Start of Block

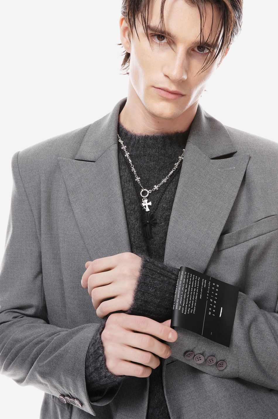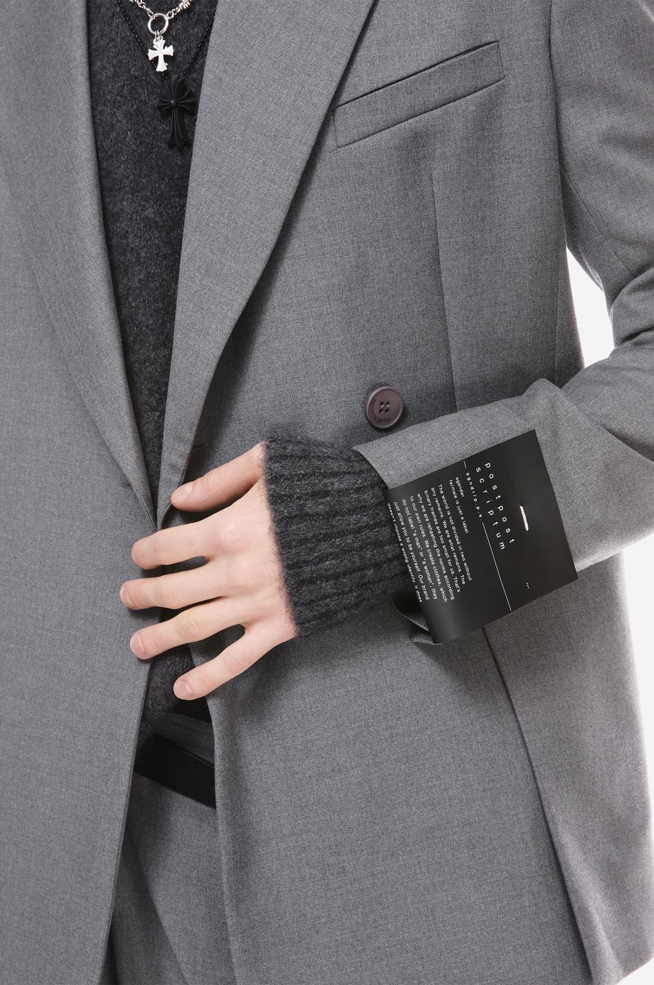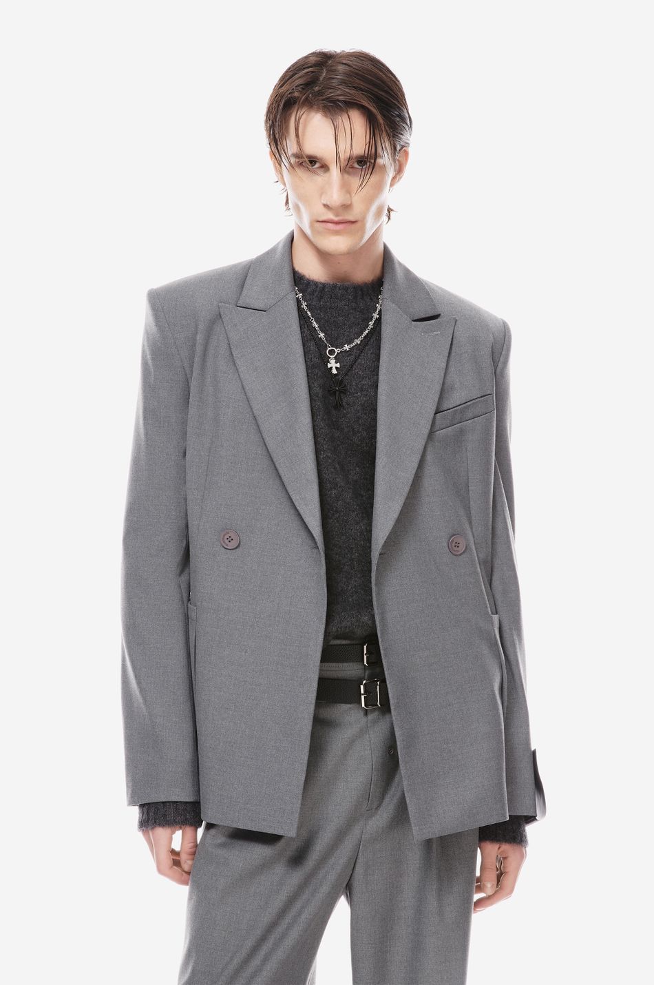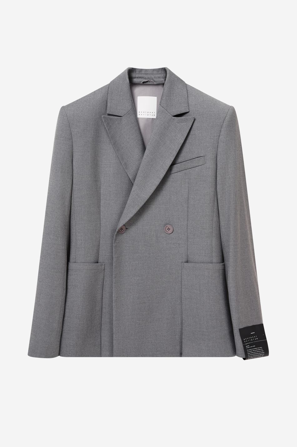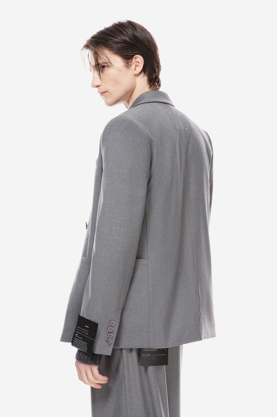 двубортный пиджак приталенного кроя выполнен из плотной костюмной ткани. модель с остроконечными лацканами, прорезным карманом на груди и большими накладными карманами спереди на бедрах. манжеты с четырьмя пуговицами.
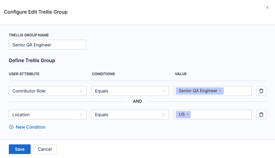 - Click on Add Trellis Groups to create a unique group and define matching criteria for identifying users based on custom contributor attributes like RoleandLocation.
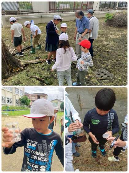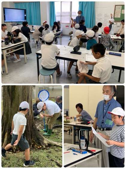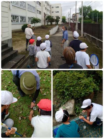 大阪市環境局の方々にご協力いただき、4年生が学校での生き物探しを行いました。班ごとに学校内の各ポイントに分かれて、捕虫網や採集袋を持って生き物を探していきました。合計50種類以上の生き物を学校で見つけることができ、発見した時はとてもうれしそうでした。
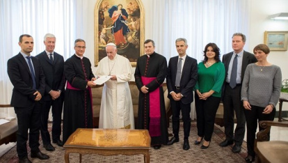 El equipo responsable de la nueva Secretaría de Comunicación del Vaticano, con el Papa Francisco y sus nuevos Estatutos
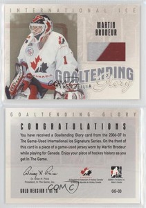 - 2006 In the Game-Used International Ice Signature Series Gold /10 Martin BrodeurOpens in a new window or tabFulfilled by COMC - World’s largest consignment servicePre-OwnedEUR 104.47Top Rated SellerTop Rated SellerBuy It Nowcomc_consignment (794,591) 99.8%+EUR 21.74 shippingfrom United StatesSponsored
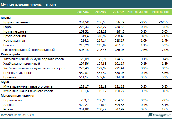 В сегменте мучных изделий и круп практически не наблюдалось скачков цен. Более чем на 1 процент изменилась только стоимость пшена (+1,1 процента за месяц) и риса (+2,6 процента).
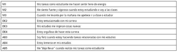 Para el estudio se empleó la escala de engagement UWES-S 9 (Schaufeli et al., 2006), que ha sido usada previamente para medir el engagement académico (Coelho-Martinho y Conde-Pérez, 2013). A partir de la consistencia interna reportada por Schaufeli y Baker (2003), sobre las dos versiones del engagement académico (17 y 9 ítems), la escala de nueve ítems cuenta con mejor consistencia y mayor ajuste de los datos al modelo de tres factores, de allí que haya sido escogida para desarrollar el presente estudio.
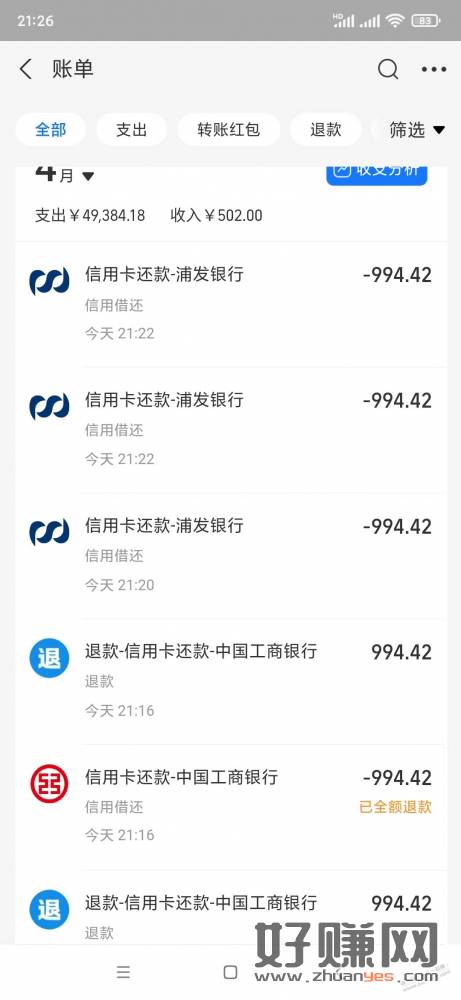 注意:建议不要还建行,溢缴款当天出不来!!!推荐中行和工行,都是支付宝还款限制50笔上限
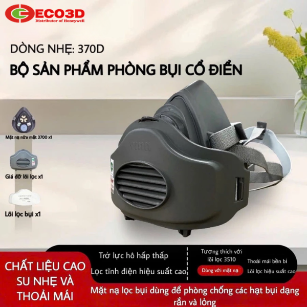 Mặt nạ chống bụi nửa mặt Vian 370D giúp ngăn chặn bụi mịn, khói và hơi độc nhẹ trong môi trường làm việc, giảm nguy cơ ảnh hưởng đến phổi và hệ hô hấp
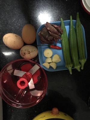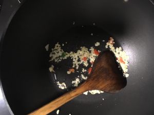 锅加热后放入少许油先放入蒜和小米椒炒出香味后倒入切好的秋葵、牛肉,翻炒几下后盛出备用。

End of Block

### EXERCISE GOAL:
Go through the listing above and quote it exactly, apart from its images.

### TASK RESPONSE:
 двубортный пиджак приталенного кроя выполнен из плотной костюмной ткани. модель с остроконечными лацканами, прорезным карманом на груди и большими накладными карманами спереди на бедрах. манжеты с четырьмя пуговицами.
 - Click on Add Trellis Groups to create a unique group and define matching criteria for identifying users based on custom contributor attributes like RoleandLocation.
 大阪市環境局の方々にご協力いただき、4年生が学校での生き物探しを行いました。班ごとに学校内の各ポイントに分かれて、捕虫網や採集袋を持って生き物を探していきました。合計50種類以上の生き物を学校で見つけることができ、発見した時はとてもうれしそうでした。
 El equipo responsable de la nueva Secretaría de Comunicación del Vaticano, con el Papa Francisco y sus nuevos Estatutos
 - 2006 In the Game-Used International Ice Signature Series Gold /10 Martin BrodeurOpens in a new window or tabFulfilled by COMC - World’s largest consignment servicePre-OwnedEUR 104.47Top Rated SellerTop Rated SellerBuy It Nowcomc_consignment (794,591) 99.8%+EUR 21.74 shippingfrom United StatesSponsored
 В сегменте мучных изделий и круп практически не наблюдалось скачков цен. Более чем на 1 процент изменилась только стоимость пшена (+1,1 процента за месяц) и риса (+2,6 процента).
 Para el estudio se empleó la escala de engagement UWES-S 9 (Schaufeli et al., 2006), que ha sido usada previamente para medir el engagement académico (Coelho-Martinho y Conde-Pérez, 2013). A partir de la consistencia interna reportada por Schaufeli y Baker (2003), sobre las dos versiones del engagement académico (17 y 9 ítems), la escala de nueve ítems cuenta con mejor consistencia y mayor ajuste de los datos al modelo de tres factores, de allí que haya sido escogida para desarrollar el presente estudio.
 注意:建议不要还建行,溢缴款当天出不来!!!推荐中行和工行,都是支付宝还款限制50笔上限
 Mặt nạ chống bụi nửa mặt Vian 370D giúp ngăn chặn bụi mịn, khói và hơi độc nhẹ trong môi trường làm việc, giảm nguy cơ ảnh hưởng đến phổi và hệ hô hấp
 锅加热后放入少许油先放入蒜和小米椒炒出香味后倒入切好的秋葵、牛肉,翻炒几下后盛出备用。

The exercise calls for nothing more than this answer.